**Dataset excerpt:**
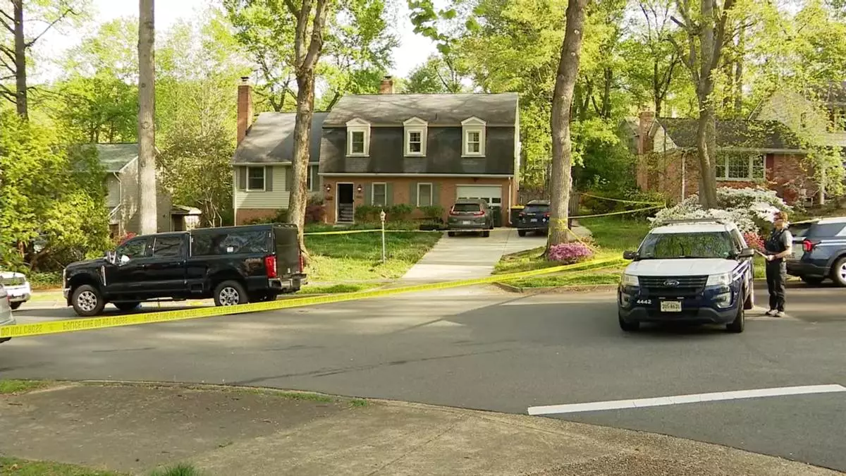 Police investigte the scene of an apparent domestic-related shooting early Thursday, April 16, 2026in Annandale, Va. (WJLA via AP)
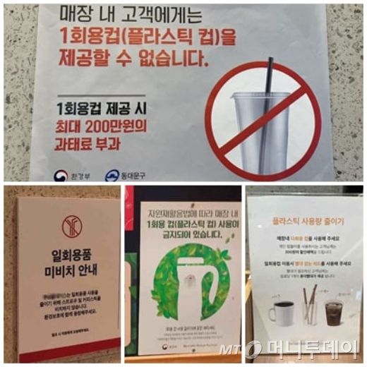 21일 오후 서울 동대문구의 한 프렌차이즈 커피숍 한쪽 벽면에 이같은 문구가 쓰여있었다. 지난달 24일부터 시행된 일회용품 사용규제를 알리는 문구다. 하지만 매장 내에서 음료를 마시는 사람들은 플라스틱컵과 종이컵을 쓰고 있었다. 자원재활용법에 따르면 카페 내 일회용 컵, 종이컵, 플라스틱 빨대는 모두 사용 금지 대상이다.
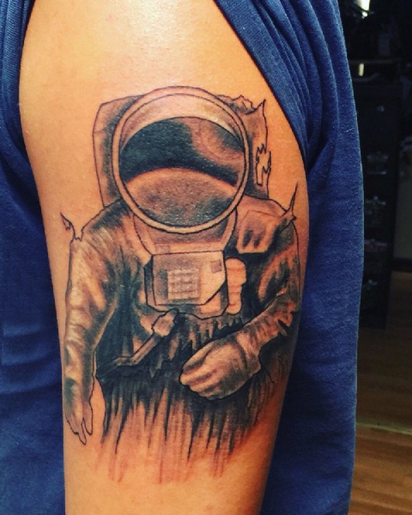 大臂纹身图 男生大臂上黑色的宇航员纹身图片
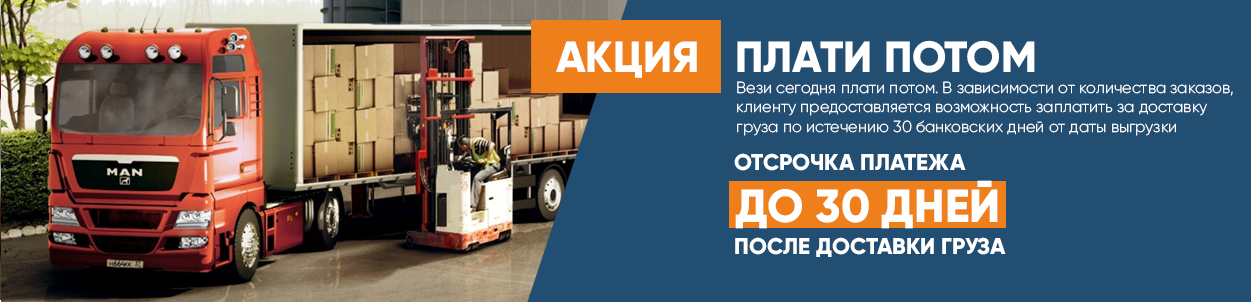 Вези сегодня плати потом. Каждому клиенту предоставляется возможность заплатить за доставку груза по прошествию 5 банковских дней от даты выгрузки автомобиля. Заказывай у нас чаще и получай более длительные сроки отсрочки платежа. Подробности акции узнай у своего персонального менеджера

**Try it:**
Please reproduce the lines above from the one containing "21일 오후 서울 동대문구의" through the final line, exactly and inclusively, leaving out each picture.

**Answer for the task:**
 21일 오후 서울 동대문구의 한 프렌차이즈 커피숍 한쪽 벽면에 이같은 문구가 쓰여있었다. 지난달 24일부터 시행된 일회용품 사용규제를 알리는 문구다. 하지만 매장 내에서 음료를 마시는 사람들은 플라스틱컵과 종이컵을 쓰고 있었다. 자원재활용법에 따르면 카페 내 일회용 컵, 종이컵, 플라스틱 빨대는 모두 사용 금지 대상이다.
 大臂纹身图 男生大臂上黑色的宇航员纹身图片
 Вези сегодня плати потом. Каждому клиенту предоставляется возможность заплатить за доставку груза по прошествию 5 банковских дней от даты выгрузки автомобиля. Заказывай у нас чаще и получай более длительные сроки отсрочки платежа. Подробности акции узнай у своего персонального менеджера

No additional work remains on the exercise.